Trick #3: Write value of 1 to virtual, then immediately write 2 to physical afterwards. However with some cache trickery, when we load the word value from physical memory, it will be the stale value of 1.

Summary:
Flush block at 0x80001500
Write 1 to 0x80001500
Write 2 to 0xC0001500 immediately afterwards
dcbst on cache block to overwrite the 2 with the earlier value of 1
Load value from 0xC0001500
It will be 1 (not 2) and disc drive will light.

Code:
#Disable INTs; not done correctly!
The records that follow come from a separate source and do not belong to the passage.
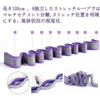 105cm 長い9独立したストレッチループでは,個々の番号付きループは、ストレッチの進行状況を確認するのに役立ちます。バックルの革紐とは対照的に、異なった伸張のためのヨガの革紐を停止し、調節する必要がない。初心者の方や、今までできなかったポーズに挑戦したい方におススメ!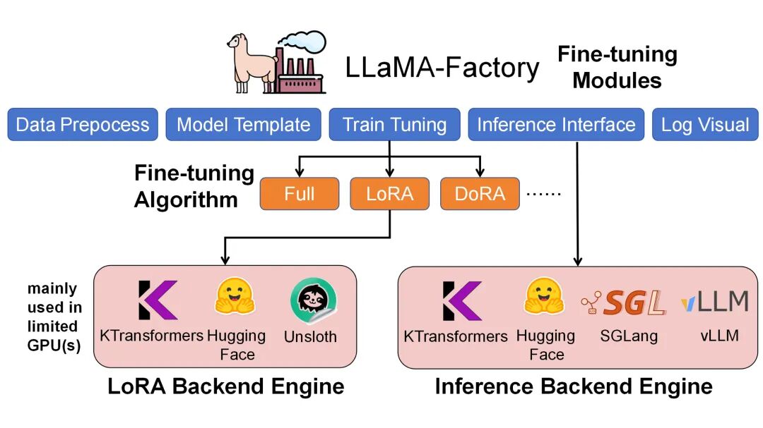 LLaMA-Factory框架结合KTransformers后端,实现对超大规模混合专家(MoE)模型的高效微调与推理。通过优化的计算架构和内存管理策略,可以显著提升训练和推理效率,为大规模语言模型的部署应用提供技术解决方案。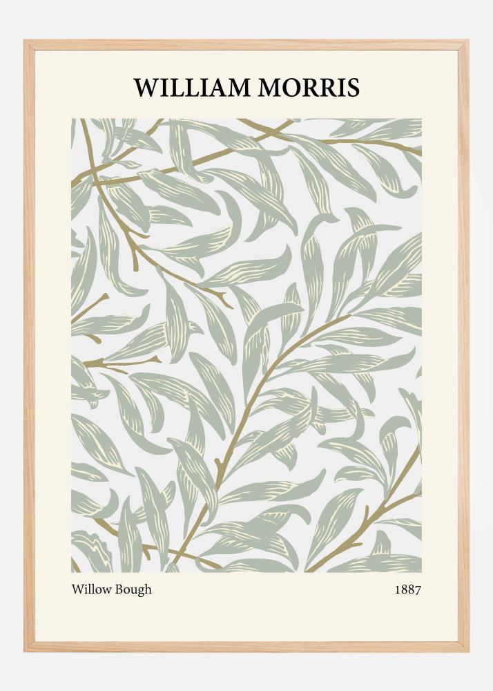 Ovaj svijetli i svježi poster prikazuje dizajn Williama Morrisa "Willow Bough" iz 1887., koji se odlikuje vijugavim granama i vrbinim lišćem u protočnom i prirodnom uzorku. Umirujuća zelena paleta boja ističe detaljno oblikovane listove i daje osjećaj mirnog vrta te povezanost s prirodom, što je bilo ključno u Morrisovom radu i u pokretu Arts and Crafts u cjelini.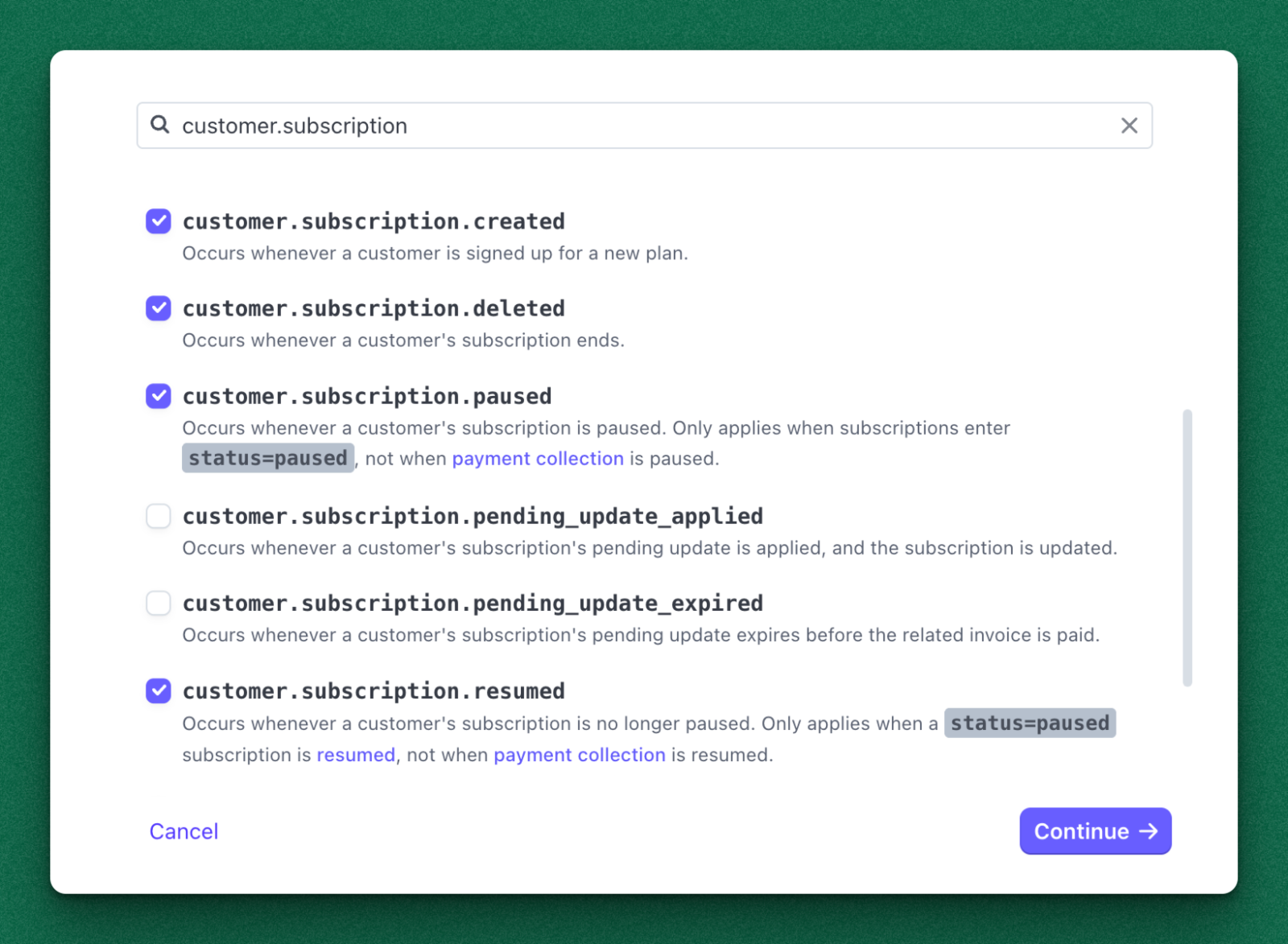 - Em eventos, preciso digite “customer.subscription” e selecione os seguintes:
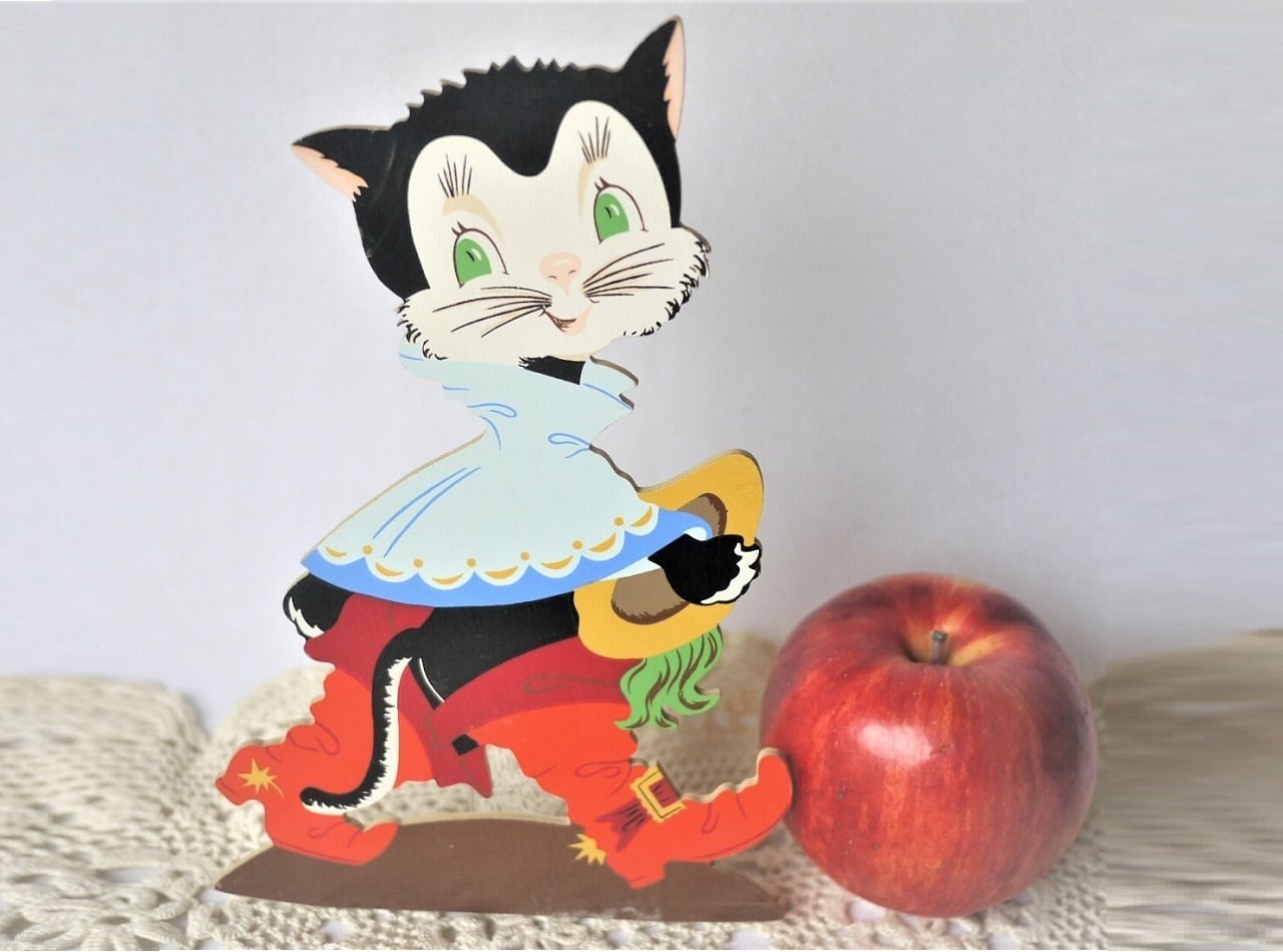 Märchen-Holzbild 壁飾り板絵 1969 長靴をはいた猫
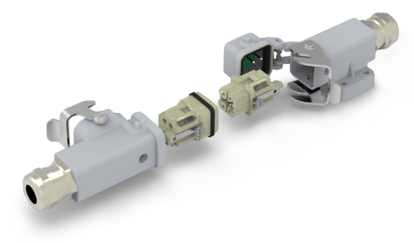 针对现有特殊工况,我司研发一种连接器柔性翻转护盖结构,无论连接器处于对接或分离状态,均能确外壳保护盖内不受污染。合盖过程中通过销轴移位切换,使护盖内插针与连接器芯体通孔顺畅插接。H3A-TE-2B-M20.XD;H3A-SF-1L/S-M20-MCV.XD连接器分离后自动短接切换到检修状态,其额定电流10A,额定电压250V,脉冲电压4KV,工作温度-40℃~+125℃,匹配铸锌外壳可达防护等级IP65。独特的护盖柔性翻转,使护盖插针插入对接底座更方便、快捷,抑制错位现象,而锁扣的自拆装设计,使插针底座插孔实现自动对接闭合及分离,具有结构合理、使用方便等优点。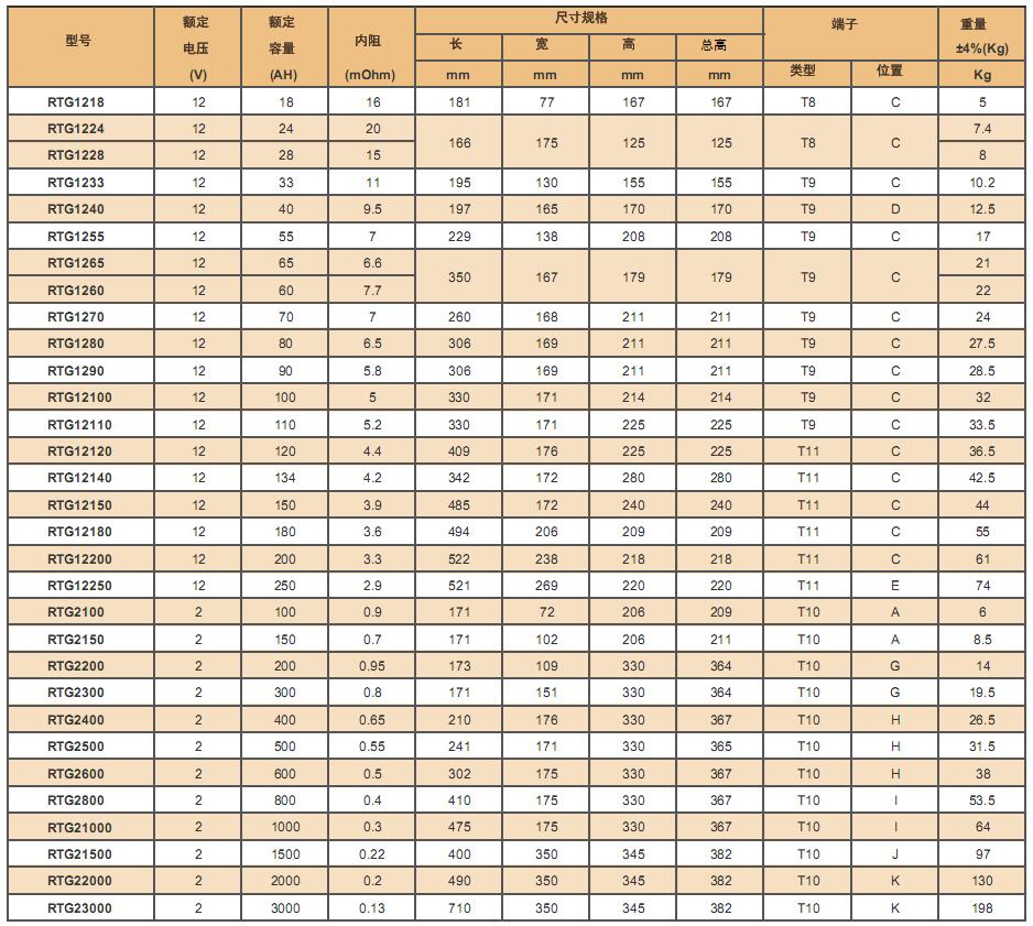 简单介绍:深循环胶体蓄电池RTG(6GFMJ)系列产品特点:不需要维护,无需加水补液 ;可靠性高、使用寿命长;重量、体积比能量高。...

Do not copy this for your regular cheat codes!

mfmsr r3

rlwinm r12, r3, 0, 17, 15

mtmsr r12

#First flush the block to make sure it cannot be in the exclusive state after our write

lis r12, 0x8000

ori r12, r12, 0x1500

dcbf 0, r12

#Set r10 to 0xC000

lis r10, 0xC000

#Set values 1 and 2 in their registers

li r11, 1

li r9, 2

#Write 1 to 0x80001500 first!

#Then Write 2 to 0xC0001500 (physical)

stw r11, 0 (r12)

stw r9, 0x1500 (r10)

#Force cache block at 0x80001500 to update to physical memory now

#This will overwrite the newly written value of 2 present at 0x00001500/0xC0001500

dcbst 0, r12

#Now Load from physical & check. If 1 (old value), disc drive will light up

lwz r11, 0x1500 (r10)

cmpwi r11, 2

beq- restore_ints

#Disc Drive

lis r12, 0xCD00

lwz r0, 0x00C0 (r12)

ori r0, r0, 0x0020

stw r0, 0x00C0 (r12)

#Restore INTs. #Copy current MSR into r12

#Not done correctly! Do not copy this for your regular cheat codes!

restore_ints:

mfmsr r12

#Insert r3's EE bit into r12, overwriting r12's EE bit

rlwimi r12, r3, 0, 16, 16

#Update MSR

mtmsr r12

#End C0

#blr

And that's it for Cache, happy coding!